### Source records:
═══

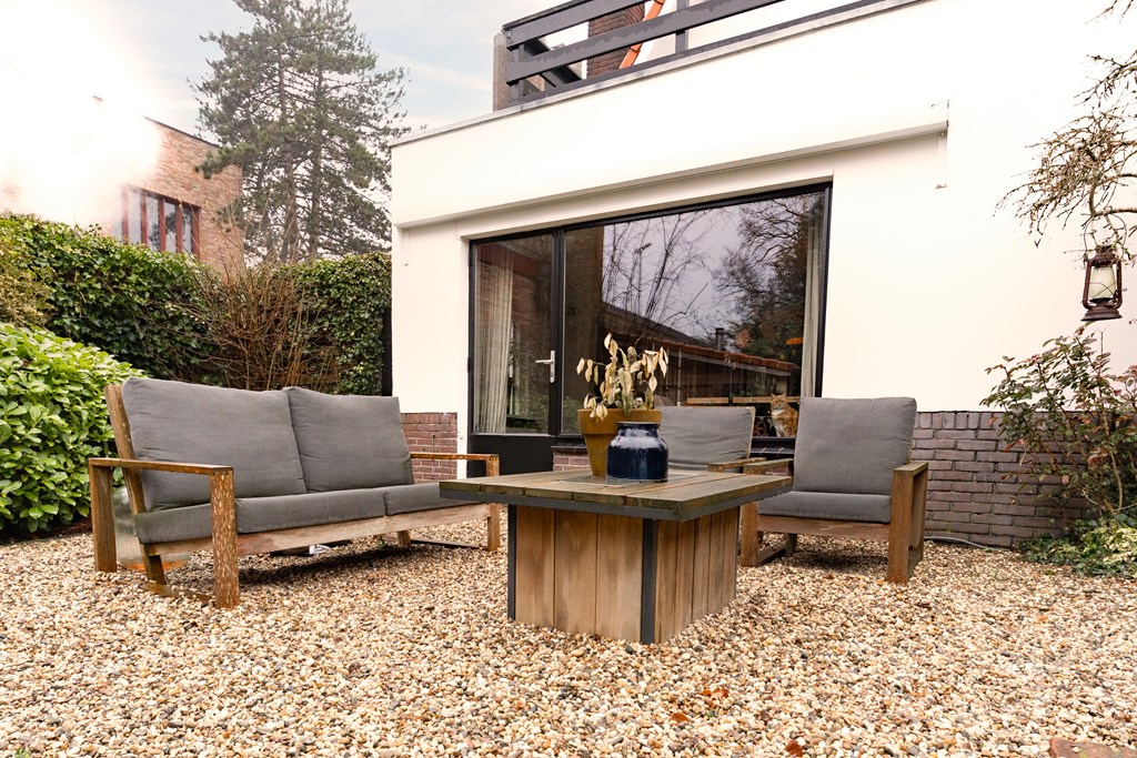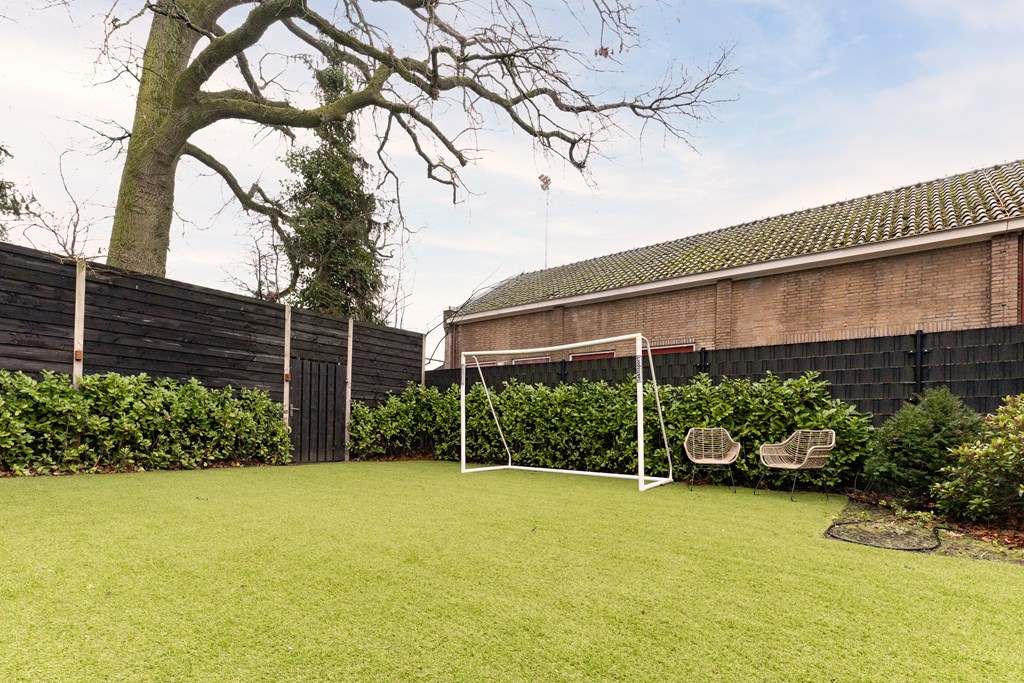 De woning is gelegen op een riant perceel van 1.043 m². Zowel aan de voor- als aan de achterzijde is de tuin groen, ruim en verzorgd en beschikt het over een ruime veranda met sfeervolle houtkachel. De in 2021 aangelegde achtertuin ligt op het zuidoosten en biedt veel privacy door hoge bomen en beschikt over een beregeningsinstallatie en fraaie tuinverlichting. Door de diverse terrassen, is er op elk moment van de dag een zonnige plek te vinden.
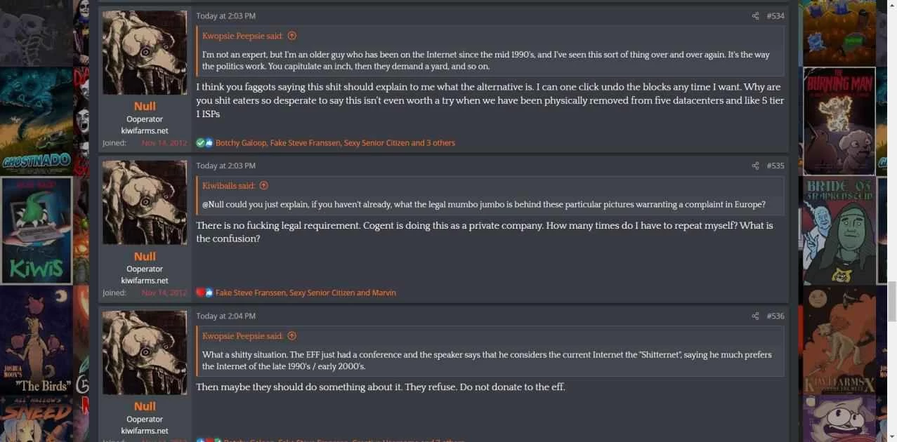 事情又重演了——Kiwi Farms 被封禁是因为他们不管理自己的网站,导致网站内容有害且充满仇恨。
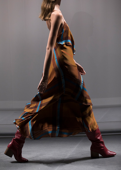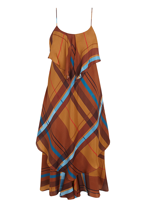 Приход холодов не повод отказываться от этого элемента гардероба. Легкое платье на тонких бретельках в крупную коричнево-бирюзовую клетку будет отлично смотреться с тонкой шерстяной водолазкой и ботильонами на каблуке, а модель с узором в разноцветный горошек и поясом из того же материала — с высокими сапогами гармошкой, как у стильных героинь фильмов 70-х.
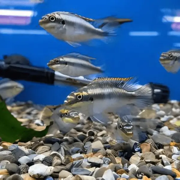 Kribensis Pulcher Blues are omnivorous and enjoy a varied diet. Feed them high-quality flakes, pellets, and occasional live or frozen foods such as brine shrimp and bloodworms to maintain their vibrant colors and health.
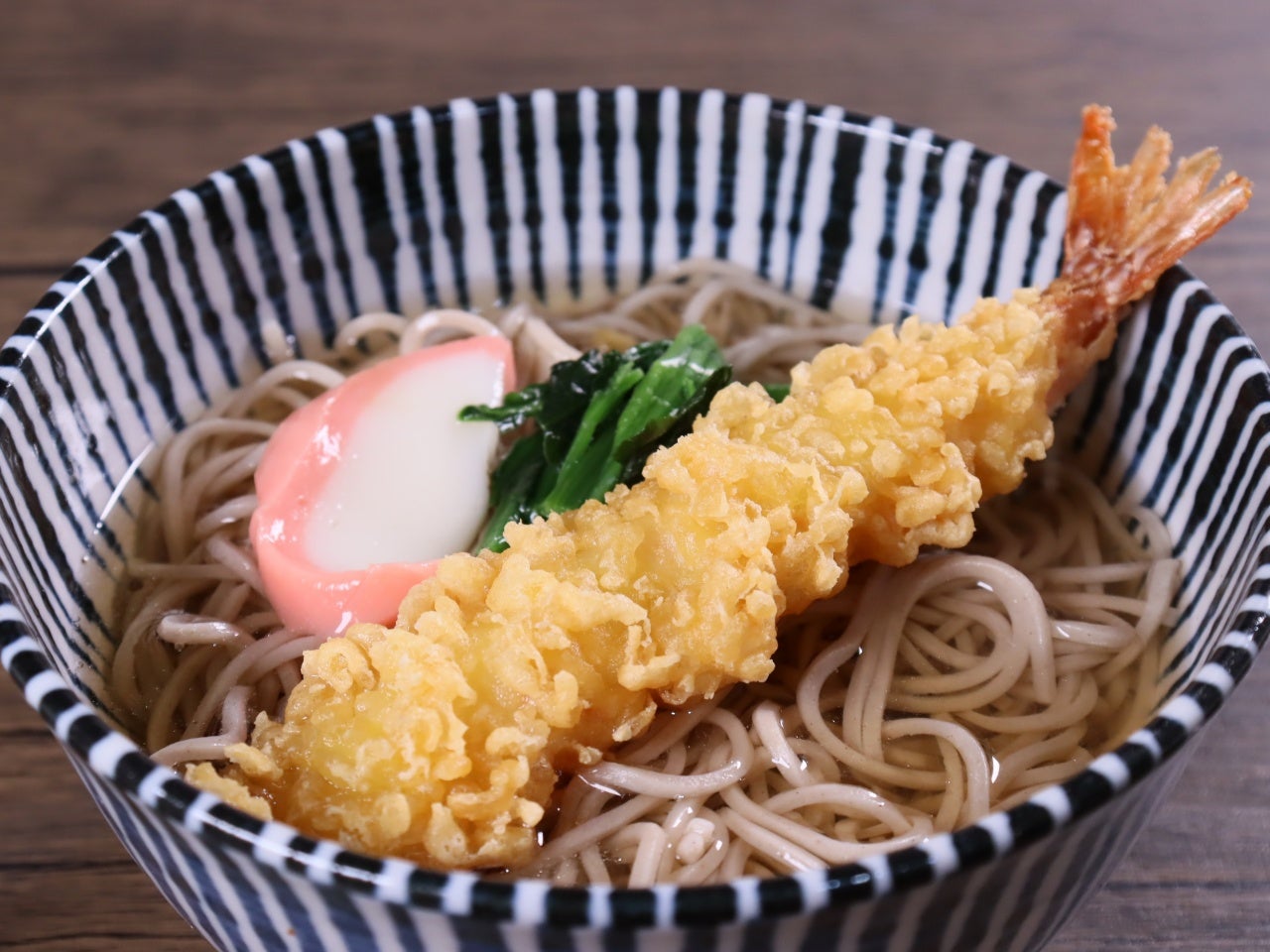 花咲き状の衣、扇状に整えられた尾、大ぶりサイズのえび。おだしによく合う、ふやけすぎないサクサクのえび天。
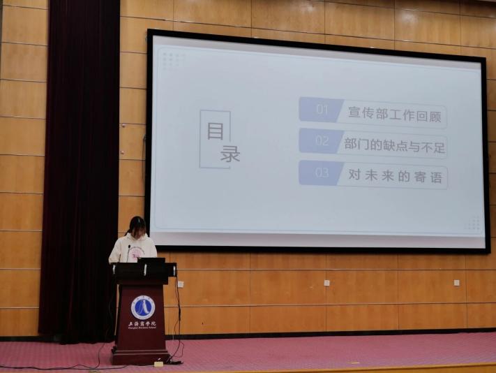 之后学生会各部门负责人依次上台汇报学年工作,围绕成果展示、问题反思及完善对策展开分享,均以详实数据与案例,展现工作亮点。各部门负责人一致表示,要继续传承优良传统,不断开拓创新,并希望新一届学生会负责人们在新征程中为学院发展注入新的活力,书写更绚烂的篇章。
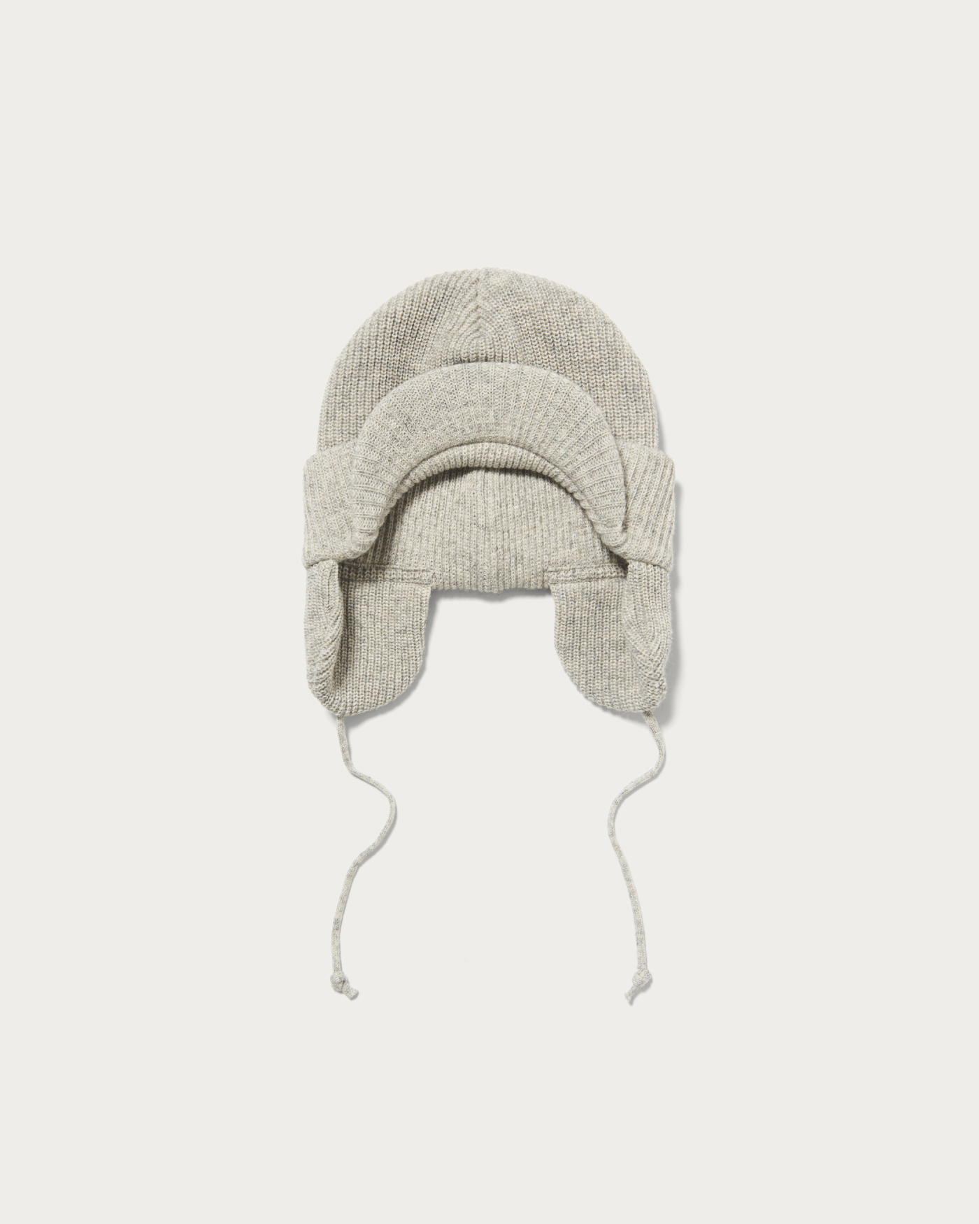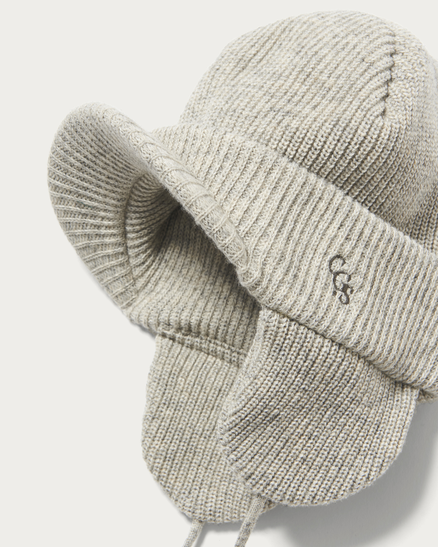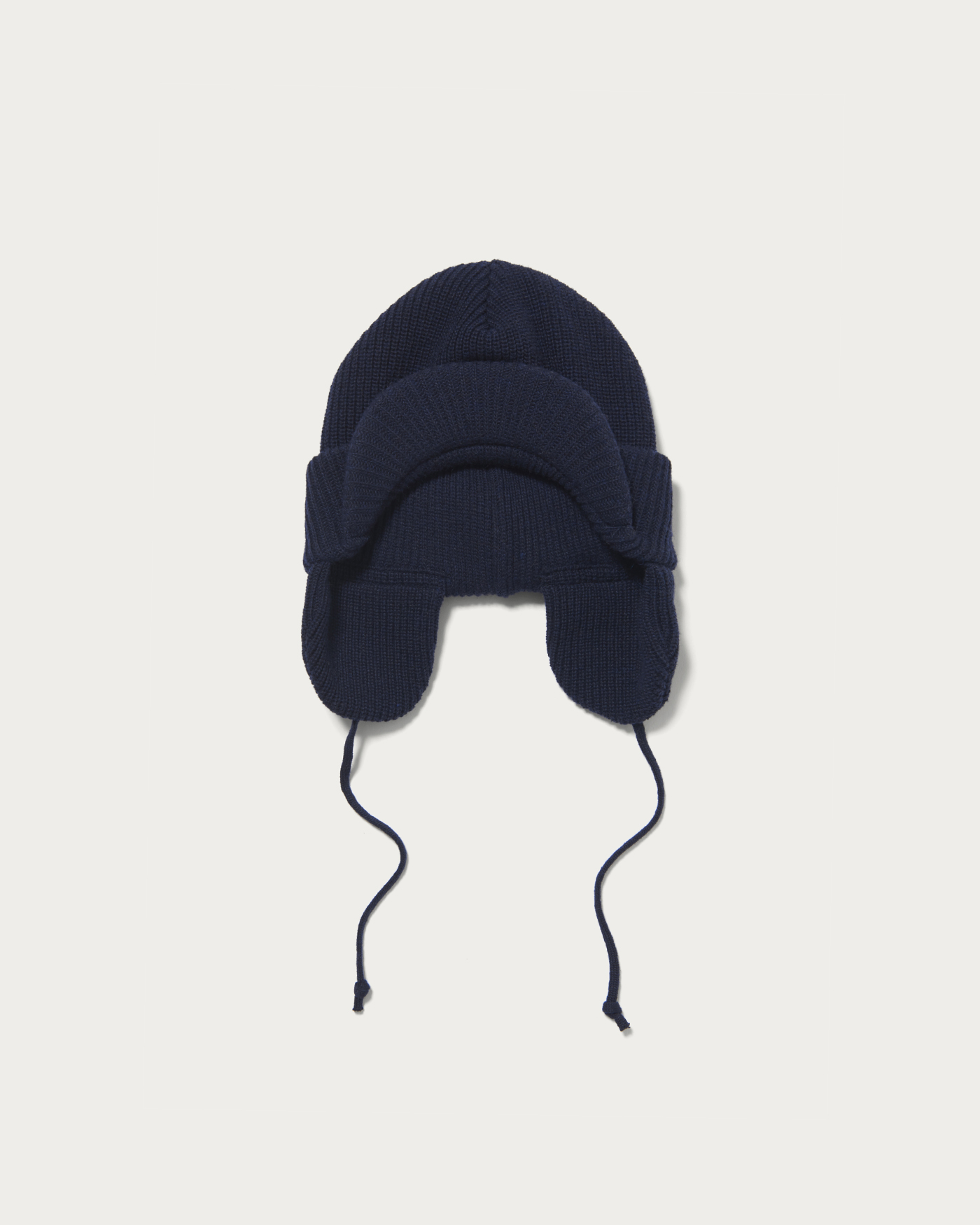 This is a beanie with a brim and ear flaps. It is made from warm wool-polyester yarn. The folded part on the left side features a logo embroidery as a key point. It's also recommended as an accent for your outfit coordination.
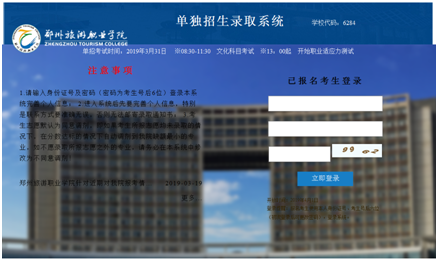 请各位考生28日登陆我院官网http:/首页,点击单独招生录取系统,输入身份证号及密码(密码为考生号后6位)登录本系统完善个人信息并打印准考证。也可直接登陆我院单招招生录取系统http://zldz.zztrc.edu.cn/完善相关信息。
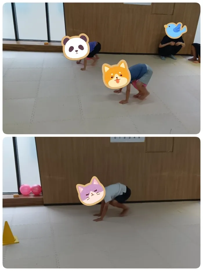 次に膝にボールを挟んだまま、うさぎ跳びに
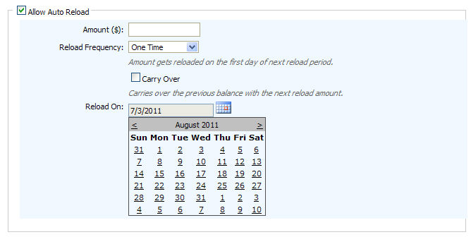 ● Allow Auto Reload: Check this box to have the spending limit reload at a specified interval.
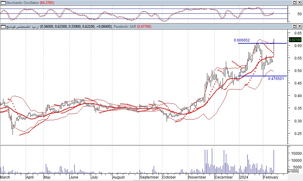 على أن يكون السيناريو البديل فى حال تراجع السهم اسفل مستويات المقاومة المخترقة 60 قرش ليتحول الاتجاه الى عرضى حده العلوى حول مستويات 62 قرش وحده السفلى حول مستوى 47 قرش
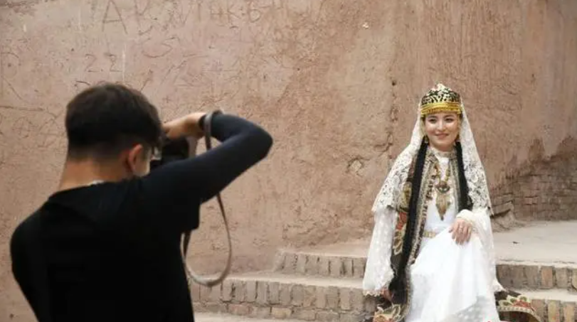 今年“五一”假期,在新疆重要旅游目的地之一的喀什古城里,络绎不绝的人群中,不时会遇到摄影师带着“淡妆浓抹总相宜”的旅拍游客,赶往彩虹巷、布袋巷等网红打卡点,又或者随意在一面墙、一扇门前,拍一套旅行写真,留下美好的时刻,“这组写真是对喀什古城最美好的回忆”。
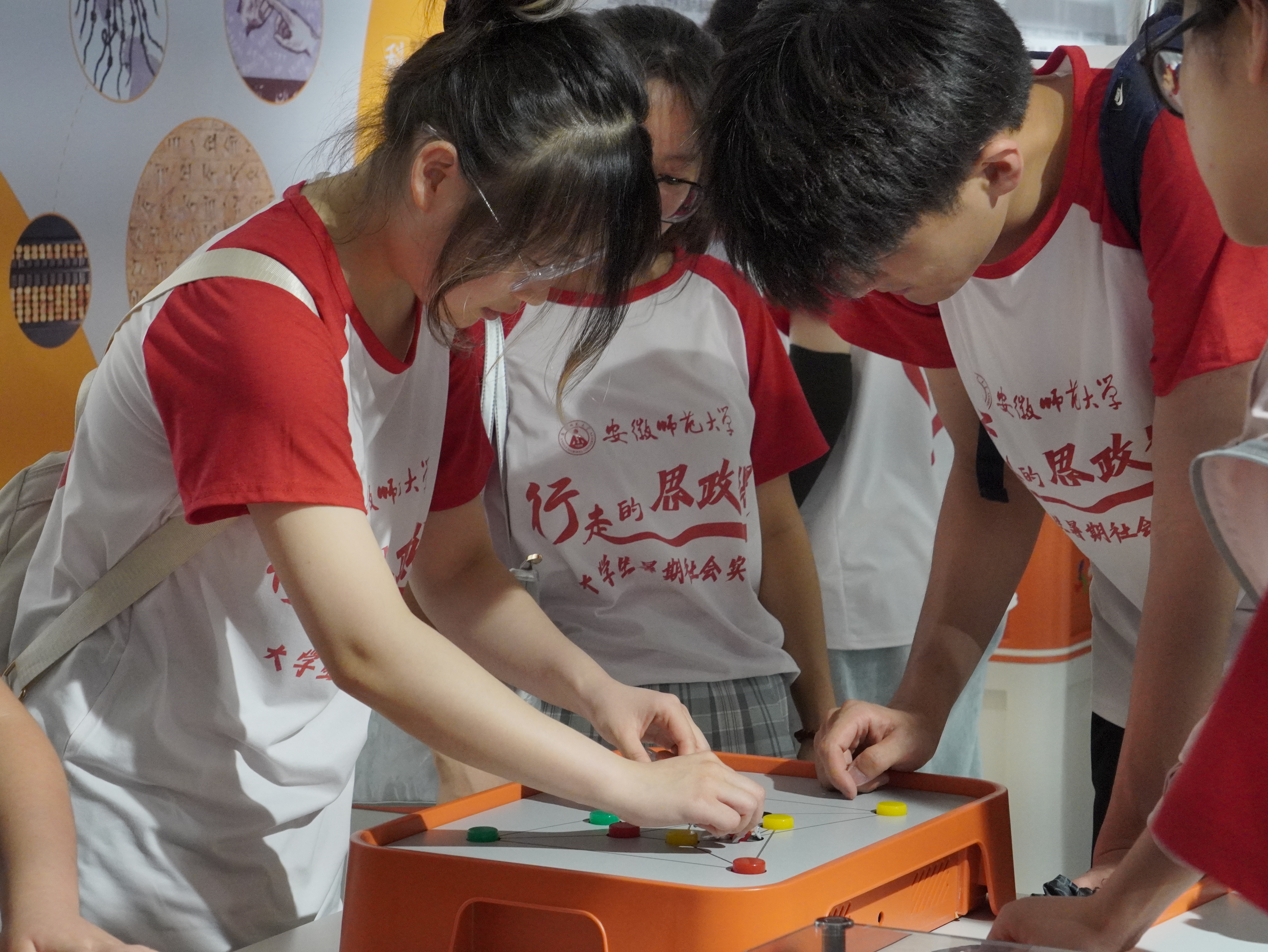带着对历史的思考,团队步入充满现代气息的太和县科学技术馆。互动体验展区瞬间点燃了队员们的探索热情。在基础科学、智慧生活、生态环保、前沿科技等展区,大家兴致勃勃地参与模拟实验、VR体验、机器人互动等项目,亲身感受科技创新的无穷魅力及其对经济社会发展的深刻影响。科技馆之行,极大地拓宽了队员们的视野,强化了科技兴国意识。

═══

Each record has to be set down verbatim, and the pictures must not appear in the copy.

### ANSWER TO THIS EXERCISE:
 De woning is gelegen op een riant perceel van 1.043 m². Zowel aan de voor- als aan de achterzijde is de tuin groen, ruim en verzorgd en beschikt het over een ruime veranda met sfeervolle houtkachel. De in 2021 aangelegde achtertuin ligt op het zuidoosten en biedt veel privacy door hoge bomen en beschikt over een beregeningsinstallatie en fraaie tuinverlichting. Door de diverse terrassen, is er op elk moment van de dag een zonnige plek te vinden.
 事情又重演了——Kiwi Farms 被封禁是因为他们不管理自己的网站,导致网站内容有害且充满仇恨。
 Приход холодов не повод отказываться от этого элемента гардероба. Легкое платье на тонких бретельках в крупную коричнево-бирюзовую клетку будет отлично смотреться с тонкой шерстяной водолазкой и ботильонами на каблуке, а модель с узором в разноцветный горошек и поясом из того же материала — с высокими сапогами гармошкой, как у стильных героинь фильмов 70-х.
 Kribensis Pulcher Blues are omnivorous and enjoy a varied diet. Feed them high-quality flakes, pellets, and occasional live or frozen foods such as brine shrimp and bloodworms to maintain their vibrant colors and health.
 花咲き状の衣、扇状に整えられた尾、大ぶりサイズのえび。おだしによく合う、ふやけすぎないサクサクのえび天。
 之后学生会各部门负责人依次上台汇报学年工作,围绕成果展示、问题反思及完善对策展开分享,均以详实数据与案例,展现工作亮点。各部门负责人一致表示,要继续传承优良传统,不断开拓创新,并希望新一届学生会负责人们在新征程中为学院发展注入新的活力,书写更绚烂的篇章。
 This is a beanie with a brim and ear flaps. It is made from warm wool-polyester yarn. The folded part on the left side features a logo embroidery as a key point. It's also recommended as an accent for your outfit coordination.
 请各位考生28日登陆我院官网http:/首页,点击单独招生录取系统,输入身份证号及密码(密码为考生号后6位)登录本系统完善个人信息并打印准考证。也可直接登陆我院单招招生录取系统http://zldz.zztrc.edu.cn/完善相关信息。
 次に膝にボールを挟んだまま、うさぎ跳びに
 ● Allow Auto Reload: Check this box to have the spending limit reload at a specified interval.
 على أن يكون السيناريو البديل فى حال تراجع السهم اسفل مستويات المقاومة المخترقة 60 قرش ليتحول الاتجاه الى عرضى حده العلوى حول مستويات 62 قرش وحده السفلى حول مستوى 47 قرش
 今年“五一”假期,在新疆重要旅游目的地之一的喀什古城里,络绎不绝的人群中,不时会遇到摄影师带着“淡妆浓抹总相宜”的旅拍游客,赶往彩虹巷、布袋巷等网红打卡点,又或者随意在一面墙、一扇门前,拍一套旅行写真,留下美好的时刻,“这组写真是对喀什古城最美好的回忆”。
带着对历史的思考,团队步入充满现代气息的太和县科学技术馆。互动体验展区瞬间点燃了队员们的探索热情。在基础科学、智慧生活、生态环保、前沿科技等展区,大家兴致勃勃地参与模拟实验、VR体验、机器人互动等项目,亲身感受科技创新的无穷魅力及其对经济社会发展的深刻影响。科技馆之行,极大地拓宽了队员们的视野,强化了科技兴国意识。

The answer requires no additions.